• What this task involves
Give the listing again exactly, skipping any pictures it holds.

• Data excerpt
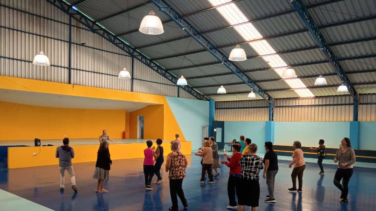 Os frequentadores do Centro de Convivência da Melhor Idade de Ibaté participaram de uma animada aula de dança, com o objetivo de estimular a mobilidade, a coordenação motora e o bem-estar.
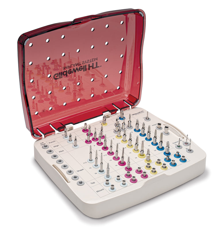The guided surgical kit allows the clinician to easily organize, store, and transport the instrumentation components of the Glidewell HT Implant Guided Surgery System. Drills are arranged from left to right in order of increasing diameter, following the recommended drilling sequence. Color coding indicates the corresponding diameter of the Glidewell HT Implant, and each drill includes laser etching that indicates the diameter and length.
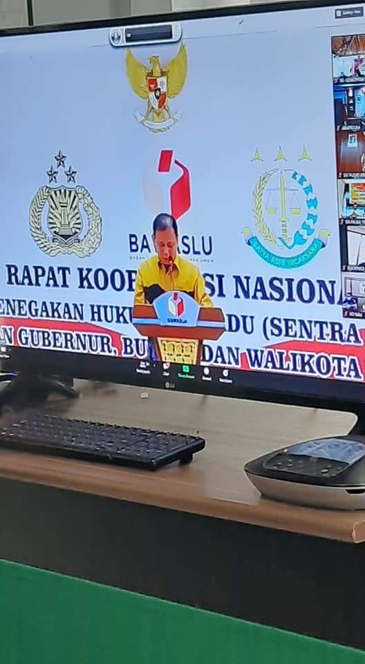 Sentra Penegakan Hukum Terpadu (Sentra-Gakumdu) Provinsi Gorontalo yang terdiri dari unsur Pimpinan Bawaslu Provinsi Gorontalo; J.Umar, Ahmad Abdullah, dan Idris Usuli Unsur Kepolisian Daerah Gorontalo AKBP. Sahrul, SH (Koordinator) serta Unsur Kejaksaan Tinggi Gorontalo Kurniawan,SH, M.H. (Koordinator) menghadiri kegiatan Rapat Koordinasi Nasional Sentra Penegakan Hukum Terpadu dalam rangka Pemilihan Gubernur, Bupati, dan Walikota Tahun 2020 secara daring bertempat di kantor Bawaslu Provinsi Gorontalo. Senin, (31/08/2020).

• Answer box
 Os frequentadores do Centro de Convivência da Melhor Idade de Ibaté participaram de uma animada aula de dança, com o objetivo de estimular a mobilidade, a coordenação motora e o bem-estar.
The guided surgical kit allows the clinician to easily organize, store, and transport the instrumentation components of the Glidewell HT Implant Guided Surgery System. Drills are arranged from left to right in order of increasing diameter, following the recommended drilling sequence. Color coding indicates the corresponding diameter of the Glidewell HT Implant, and each drill includes laser etching that indicates the diameter and length.
 Sentra Penegakan Hukum Terpadu (Sentra-Gakumdu) Provinsi Gorontalo yang terdiri dari unsur Pimpinan Bawaslu Provinsi Gorontalo; J.Umar, Ahmad Abdullah, dan Idris Usuli Unsur Kepolisian Daerah Gorontalo AKBP. Sahrul, SH (Koordinator) serta Unsur Kejaksaan Tinggi Gorontalo Kurniawan,SH, M.H. (Koordinator) menghadiri kegiatan Rapat Koordinasi Nasional Sentra Penegakan Hukum Terpadu dalam rangka Pemilihan Gubernur, Bupati, dan Walikota Tahun 2020 secara daring bertempat di kantor Bawaslu Provinsi Gorontalo. Senin, (31/08/2020).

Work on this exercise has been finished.